Madhubala, by filmy standards, had a happy life-and mostly made happy films. Dev Anand remembers her as someone who was ‘always laughing’ she was adventurous in her choice of roles, agreeing to play an Anglo-Indian cabaret dancer. Before doctors discovered a hole in her heart, she had a busy love life; she was two-timing Dilip Kumar by seeing Premnath at the same time. A passing affair with Pakistan Prime Minister Zulfikar Ali Bhutto is supposed to have taken place. Because most of her films are light, frothy comedies-with terrific music, she leaves behind a joyful ambience, although she had her share of troubles at the her deeply conservative, bankrupt father.
In contrast, Meena Kumari, whose films are seldom shown on TV, evokes victimhood, pathos, despair and consistent bad luck.
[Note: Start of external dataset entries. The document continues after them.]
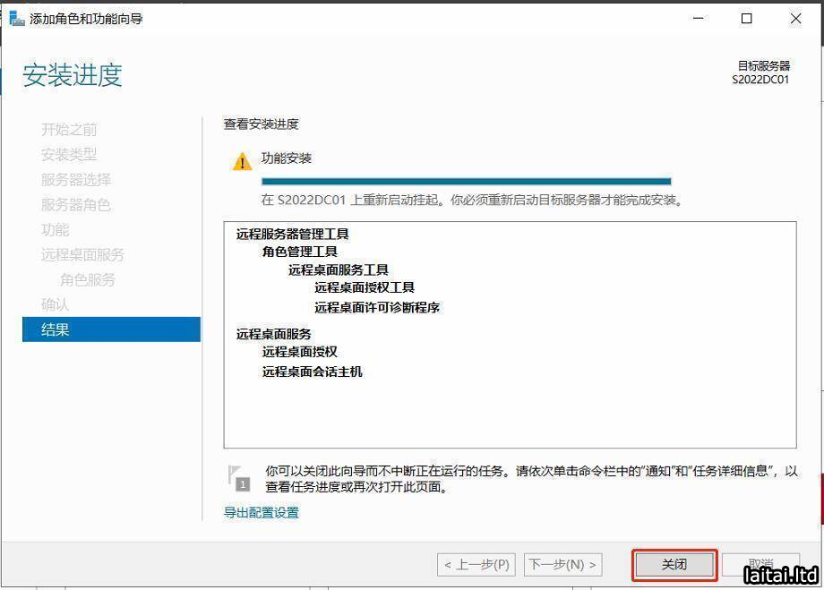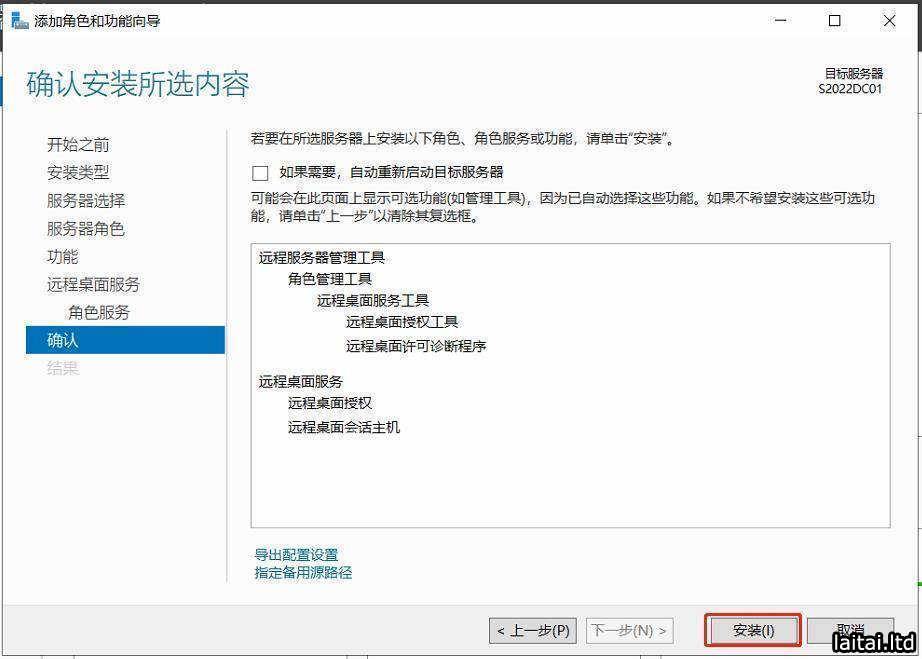 8.单击“安装”,等待几分钟完成安装并重启服务器。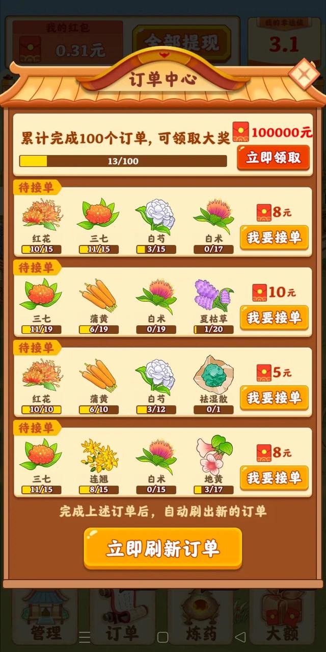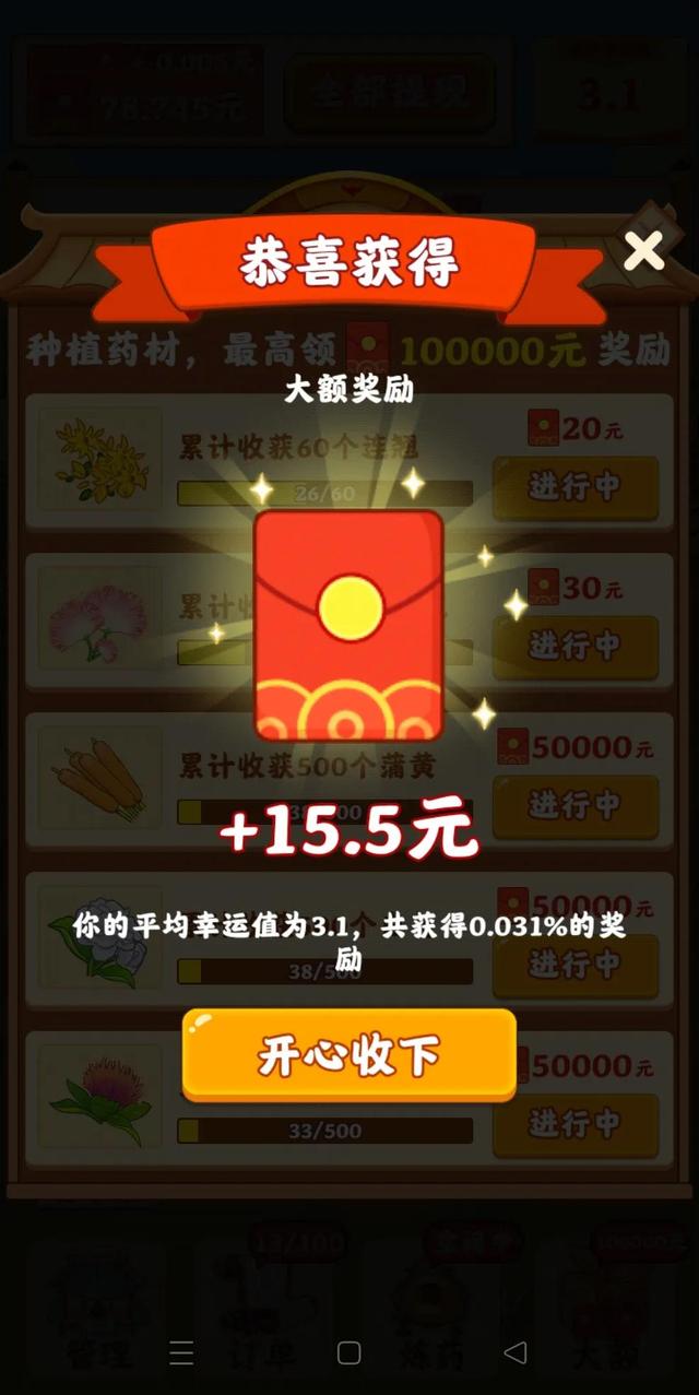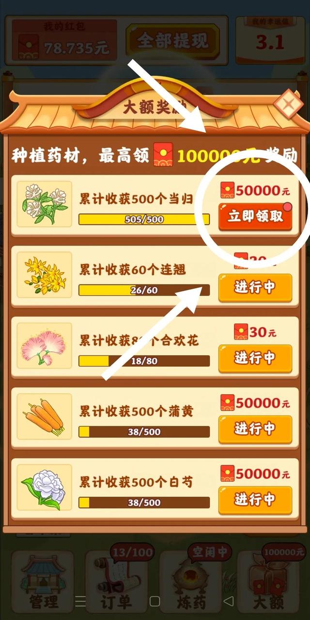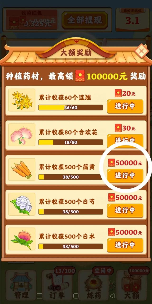 3块就3块吧,现在马路上想捡3块钱也不容易。了解了规则,我静下心来仔细看了看种菜任务,发现有个种500个菜给50000块钱红包的任务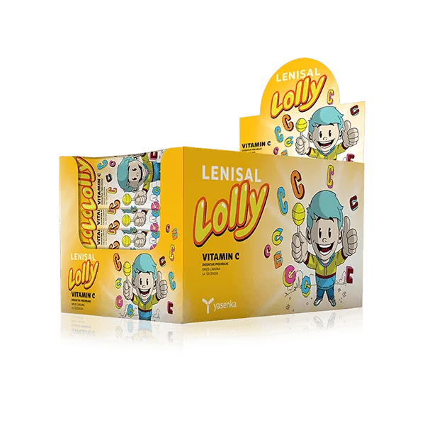 Yasenka Lenisal LOLLY Vitamin C je prehransko dopolnilo v obliki lizike, namenjeno podpori imunskega sistema, rasti in razvoju otrok ter ohranjanju zdravja dlesni, zob, kosti in kože. Lizika ima prijeten okus po limoni.
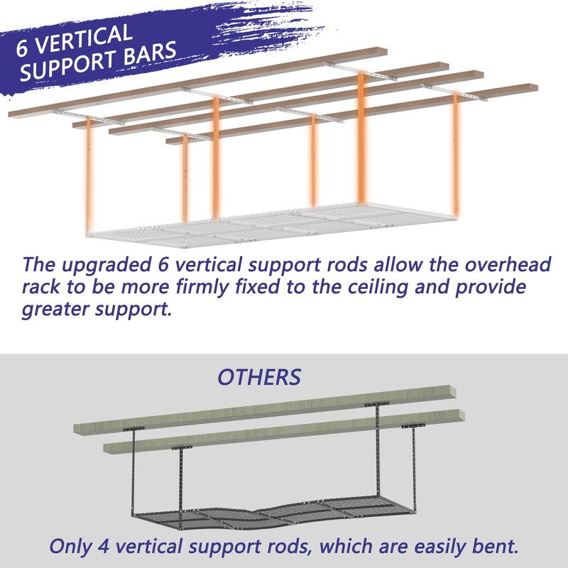 - DIY INSTALLATION: When installing the garage ceiling storage racks,you can easily assemble it by referring to the step-by-step instructions first,and then freely adjust the direction and height according to the spatial characteristics of your house.this overhead storage rack is suitable for all ceiling beams with ≤ 24 inches spacing,if the beam spacing is > 24 inches,it is only suitable for 36 inches ceiling spacing.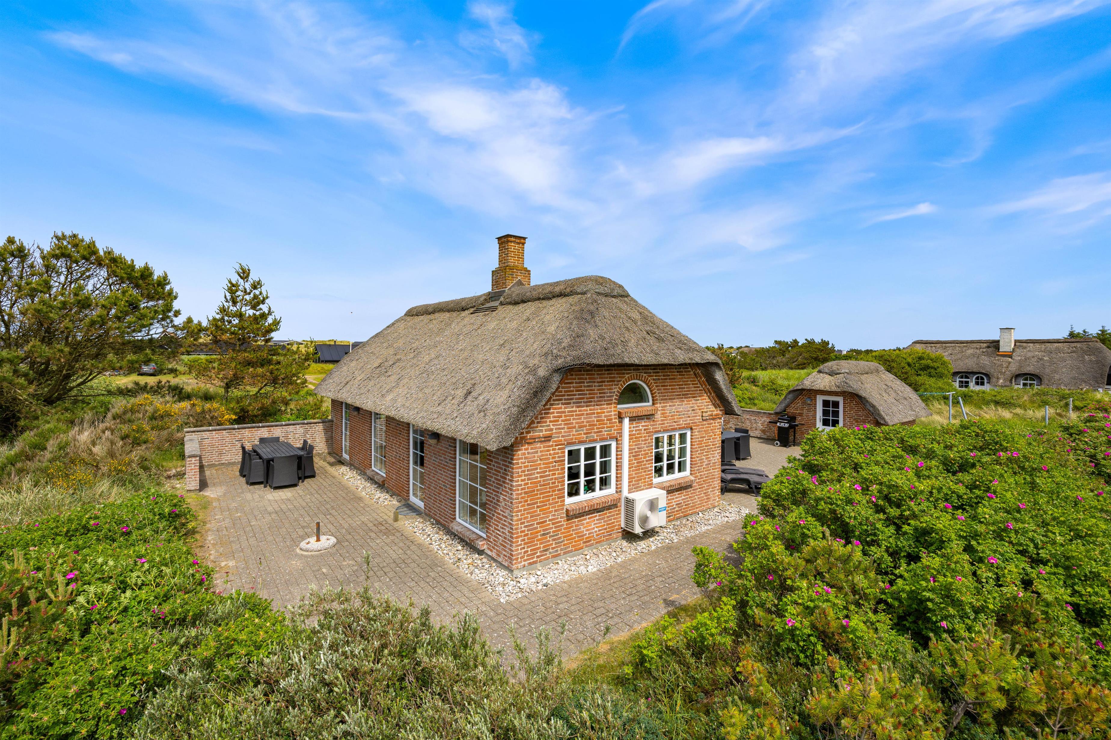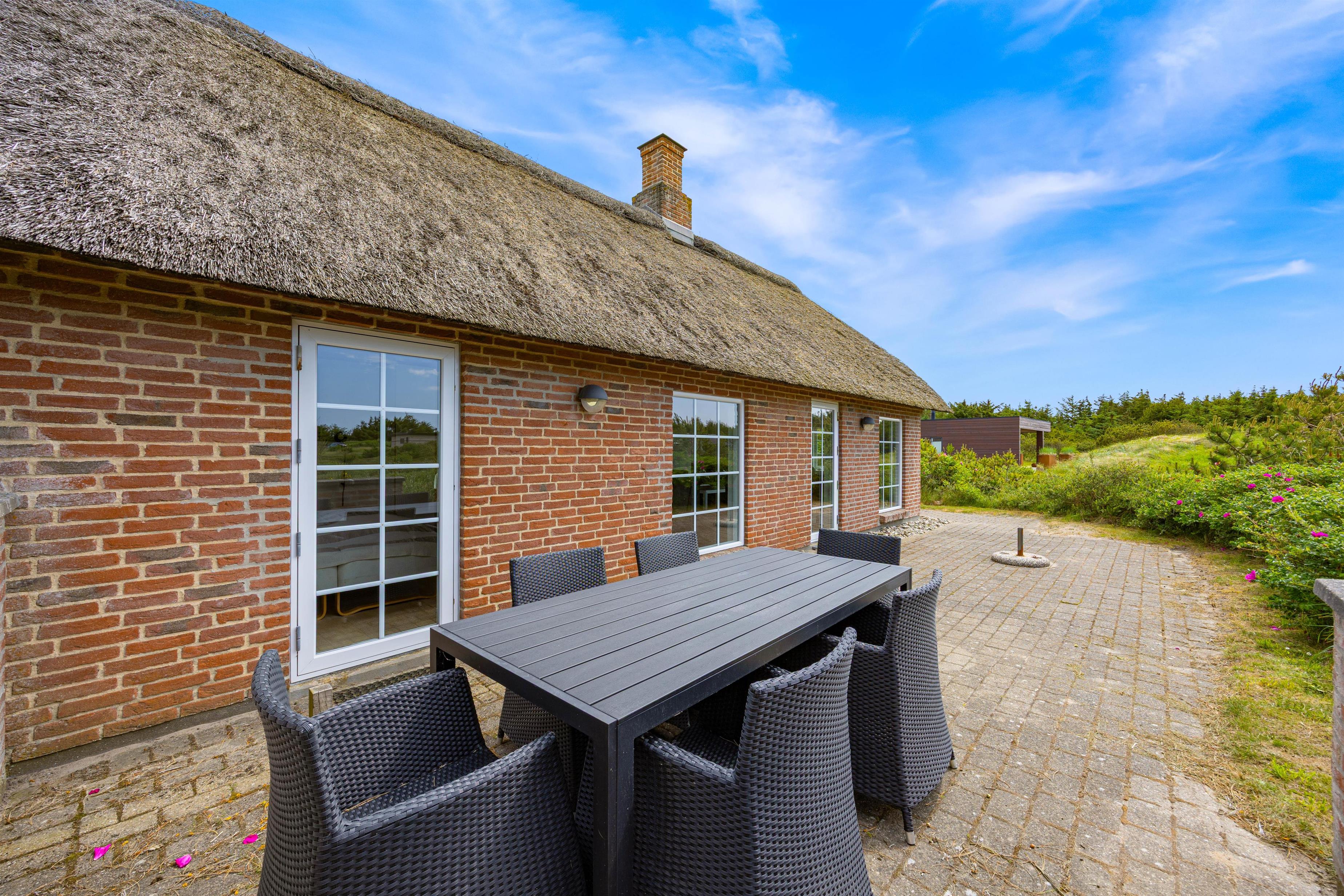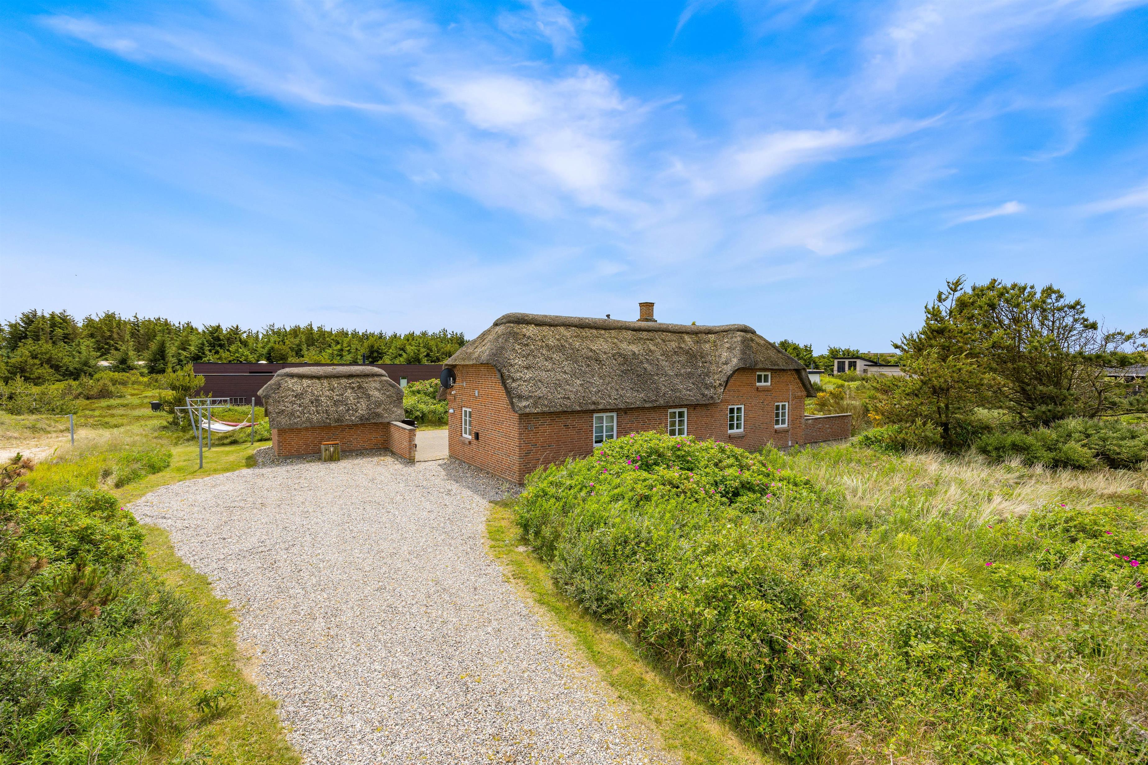 På Wolle Friks Vej 45 ved Søndervig ligger dette dejlige sommerhus med spabad og sauna. Huset er indbydende og velholdt og med stråtag. Et godt valg for en børnefamilie, der gerne vil bo centralt og tæt på byen men samtidig i naturskønne omgivelser. Rabat gives ved udlejning i to uger i ydersæsonen.

She played grief-stricken roles in which true love is found but only briefly. In movies like Parineeta, Dil apna aur Preet parayi, she either dies or is abandoned by her man. I suppose the mental picture of Meena Kumari which comes readily to mind is from Guru Dutt’s Sahib Bibi Aur Gulam. The scenes where she is seen pleading with her debauched and philandering spouse (played by Rehman) are unforgettable. He is trying to make her drink alcohol, something she abhors but consumes in the hope that her insobriety will persuade him to stay the night rather visit up market brothels. The word she is associated with.
I wonder what the new generation of under-thirty cinema-goers knows about her. They might possibly recall Nargis and Madhubala. But Meena who? I don’t think I would have agreed, if some publisher had asked me, to write a biography of either Madhubala or Nargis. Meena Kumari was a diverting and more thought –provoking challenge. I am not sure I did justice to it.